Predicting Stock Prices with Python
Predicting Stock Prices with Python .Predicting stock prices from Yahoo stock screener using scikit-learn and sending the predicitons via smtplib to a phone number. Time series analysis (Linear Regression) is used, sciki-learn, to predict the future prices from the stock tickers.
Investing in the stock market used to require a ton of capital and a broker that would take a cut from your earnings. Then Robinhood disrupted the industry allowing you to invest as little as $1 and avoid a broker altogether. Robinhood and apps like it have opened up investing to anyone with a connected device and gave non-investors the opportunity to profit from the newest tech start-up.
However, giving those of us who are not economists or accountants the freedom to invest our money in the “hottest” or “trending” stocks is not always the best financial decision.
Thousands of companies use software to predict the movement in the stock market in order to aid their investing decisions. The average Robinhood user does not have this available to them. Primitive predicting algorithms such as a time-sereis linear regression can be done with a time series prediction by leveraging python packages like scikit-learn and iexfinnance.

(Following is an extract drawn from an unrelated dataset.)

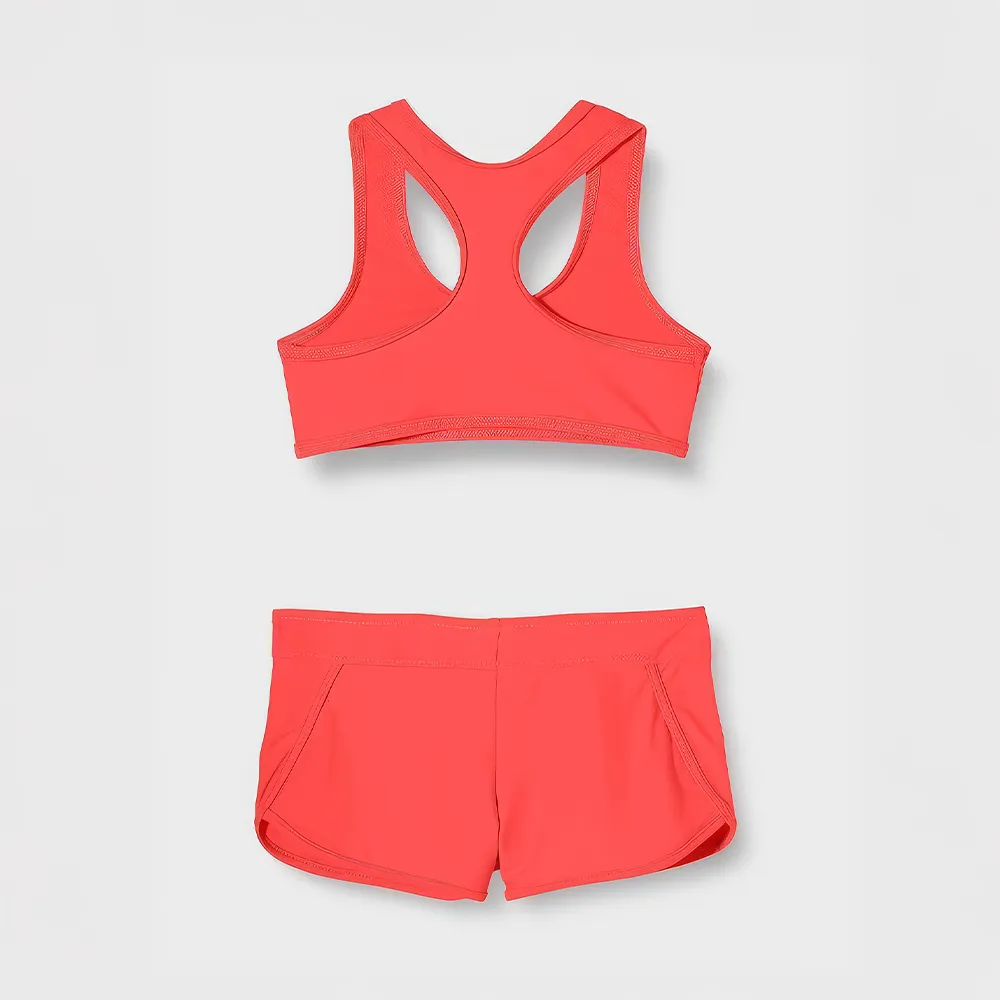 Maillot de bain fille 2 pièces brassière dos nageur corail fluo shorty assorti sportif confort plage piscine été

This program will scrape a given amount of stocks from the web, predict their price in a set number of days and send an SMS message to the user informing them of stocks that might be good to check out and invest in.
In order to create a program that predicts the value of a stock in a set amount of days, we need to use some very useful python packages. You will need to install the following packages:
If you do not already have some of these packages you can install them through
pip install PACKAGE or by cloning the git repository.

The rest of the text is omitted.